3: Facilitating Market linkage and postharvest management. Farmers are paid very low prices for their produce on local markets; as a result, the farmers lack incentives for expanding agricultural production. Even when the market is known, most smallholder farmers fail to effectively engage with the markets because they fail to meet quality, quantity and consistency requirements. Postharvest loss is another setback in the agriculture sector in Tanzania. Poor postharvest handling practices and subsequent losses reduce the marketable quantity and quality. Poor storage facilities and postharvest management technologies are among key factors. This strategy therefore seeks to provide farmers with basic marketing and enterprise skills and capabilities to carry out an appraisal and to identify and prioritize promising market opportunities and to engage in collaborative post-harvest management. This involves connecting producers to structured markets through facilitating business arrangements between small-scale producers, aggregators, agro-based SMEs, agro-dealers and processing industry. This arrangement ensures, among others reliable and timely access to quality inputs, sufficient quality, quantity and reliability of supply for processors.
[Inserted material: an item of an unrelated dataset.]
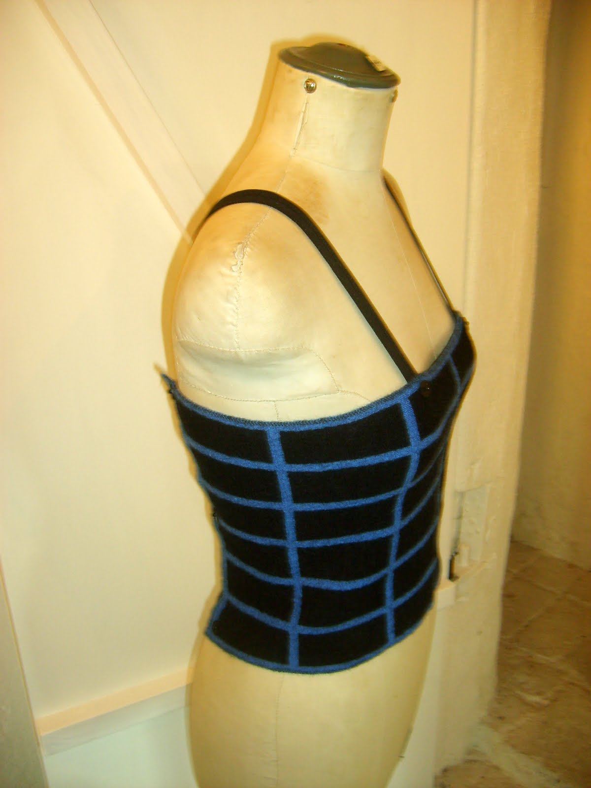Top made up with 4 PRICK pieces - 40 buttons and around the neck buttonhole elastic

Further, RUCODIA engages in building capacity of stakeholders, including smallholder farmers to take part in contract farming and Warehouse receipt systems.
4: Enhancing good agronomic and soil fertility management practices. Most smallholder farmers in Tanzania are constraint by low agricultural productivity due to limited knowledge on good agricultural and soil fertility management practices and limited access to extension services. This strategy is achieved through improving smallholder farmers’ access to improved seeds and fertilizer, provision of extension services, TOTs training in GAP and demonstration fields. Models to demonstrate and promote improved varieties are developed by Agriculture Research Institutes together with agro-dealers and seed companies. The set of interventions includes soil fertility management practices that integrate the use of organic inputs.
5: Agro-enterprise development. Agro-enterprise development seeks to provide farmers, off-takers (buyers), agro-dealers, agro-dealers networks, processors, and other agro-based SMEs with basic enterprise skills and capabilities to start up or carry out agro-based business and to access financial services through capacity building in business and financial management skills, linkage and negotiations with financial support services, establishment and management of saving and credit scheme, preparation of bankable business plans, and assistance in business development and management.
6: Policy dialogue engagement RUCODIA intervention in Policy dialogue refers to tactics, strategies and initiatives which target change or improvement in policies and legislations which have bearing on the livelihood and wellbeing of smallholder farmers.